Since the robotic instruments can make movements that are tinier and more precise than what a human hand is capable of, and since these instruments can be positioned at angles that a human hand cannot match, robotic surgery generally achieves better results than conventional surgery or even minimally invasive laparoscopic surgery.

Dr. Allison Pang at the console where she performs robot-assisted colorectal surgery.

Dr. Allison Pang at the console where she performs robot-assisted colorectal surgery.

“We’re looking forward to seeing a reduction in the length of patients’ stay in the hospital,” says Dr. Vasilevsky. “Until now, that’s been three or four days, depending on the type of surgery,”

She adds that patients who undergo robotic colorectal surgery are also likely to recover more quickly and with less discomfort than those who have had conventional open surgery (where an incision is made and surgery is performed by reaching into the opening). This is because robotic surgery requires less manipulation of the bowel and can be performed with smaller incisions.

Another benefit, Dr. Vasilevsky says, is that the 3D image in the console’s viewfinder is far superior to the  flat, two-dimensional image produced by the camera for laparoscopic surgery.

“For instance,” she explains, “when you’re using the robot for pelvic surgery—say, for cancer of the rectum—you have much better visualization of the pelvic nerves. This allows you to spare them more effectively than if you performed the procedure laparoscopically. Your visualization of all of the anatomical structures is much better.”
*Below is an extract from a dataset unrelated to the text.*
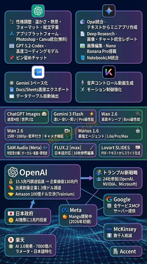 Meta:新しいAI画像・動画モデルを開発中 トランプ政権:AI新戦略に主要24社が参加 Amazon:OpenAIに100億ドルの追加投資を交渉中 マッキンゼー:AI導入により数千人の人員削減へ 藤井聡太名人:「バイブコーディング」に今年一番ハマった 日本郵便:Nano Banana Pro活用の年賀状作成ツール公開 創薬企業:OpenAI出資先が1.3億ドル調達 声優事務所:ElevenLabsと業務提携 Google:全サービスでMCPサーバー提供へ 楽天:日本語特化モデル「Rakuten AI 3.0」発表

Despite the advantages of laparoscopic surgery over open surgery, laparoscopy has drawbacks of its own for surgeons, says Dr. Pang. Chief among these is that the surgeons must continuously grasp and manipulate the rods whose tips hold the tiny surgical instruments. This often causes considerable strain to wrists, arms, elbows and shoulders.

“With the robot, the ergonomics are much better,” she says. “You’re seated at the console while the robotic arms hold the instruments. You can take your time and concentrate, without having to worry about sore muscles.”

Among the members of the JGH colorectal surgery team are (from left) Raina Odegard, Licenced Practical Nurse; Sonya Brin, Nursing Team Leader and Coordinator of Robotic Surgery; Dr. Carol-Ann Vasilevsky, Chief of the Division of Colorectal Surgery; Dr. Allison Pang, Colorectal Surgeon; and Adrienne Wheeler, Nursing Team Lead for General Surgery.

Among the members of the JGH colorectal surgery team are (from left) Raina Odegard, Licenced Practical Nurse; Sonya Brin, Nursing Team Leader and Coordinator of Robotic Surgery; Dr. Carol-Ann Vasilevsky, Chief of the Division of Colorectal Surgery; Dr. Allison Pang, Colorectal Surgeon; and Adrienne Wheeler, Nursing Team Lead for General Surgery.

Key support in the launch of robotic colorectal surgery was provided by grateful patients, whose donations enabled the JGH to purchase a special tilting operating table, Dr. Vasilevsky says.

In many types of robotic surgery, the table remains in a fixed position, because the focus is on a single organ, she explains. However, in colorectal surgery, work is often performed in several winding, hard-to-reach areas, such as the seven metres of small bowel.

Normally, the robot would have to be repositioned (known as redocking) for each change in location. However, since the new table can tilt and swivel at various angles, there is no longer any need to redock, thereby reducing the length of the surgery.

Dr. Vasilevsky adds that such a successful launch would not have been possible without the tightly coordinated preparation by staff. In fact, she notes, a proctor from the United States who inspected the robot before it went into service said she had never previously seen a comparable degree of collaboration among members of staff.

“In addition to all of the robot’s advantages, the arrival this type of surgery means we’re keeping pace with advances in technology,” says Dr. Vasilevsky. “By expanding the use of robotics in our hospital, we’re helping to open the door even wider in performing more types of surgeries more effectively and with greater accuracy.”